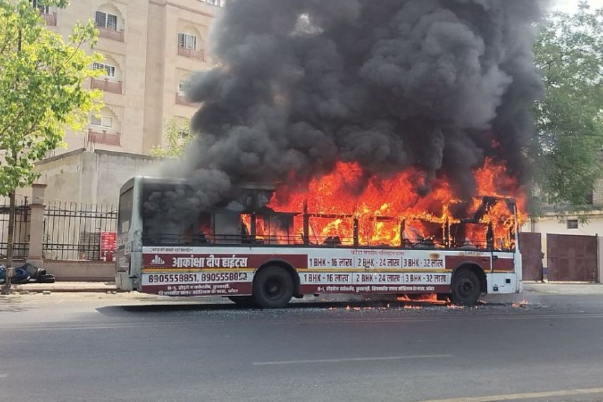 कोटा के नयापुरा थाना इलाके में एमबीएस चिकित्सालय के ठीक सामने शुक्रवार सुबह चलती हुई लो फ्लोर बस (सिटी बस) में आग लग गई। इस पर बस में बैठी सवारियों में अफरा-तफरी मच गया। आग लगने के बाद बस के दोनों गेटों से सवारियों को तेजी से नीचे उतारा गया।
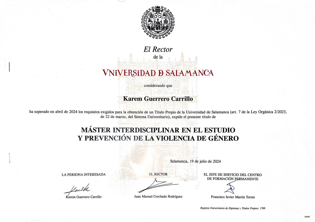 Tengo una Maestría en Estudio y Prevención de la Violencia de Género por la Universidad de Salamanca, España.
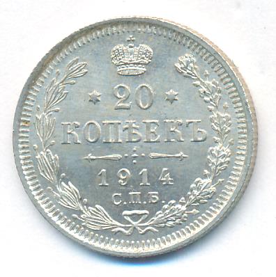 Лицевая сторона — гербовый орел, оборотная —обозначение номинала (20 копеекъ), окруженное венком из лавровой и дубовой ветвей и дата.

Task details:
The required output is the lines from the one containing "Tengo una Maestría" through the end of the data, printed exactly, with no pictures.

Worked solution:
 Tengo una Maestría en Estudio y Prevención de la Violencia de Género por la Universidad de Salamanca, España.
 Лицевая сторона — гербовый орел, оборотная —обозначение номинала (20 копеекъ), окруженное венком из лавровой и дубовой ветвей и дата.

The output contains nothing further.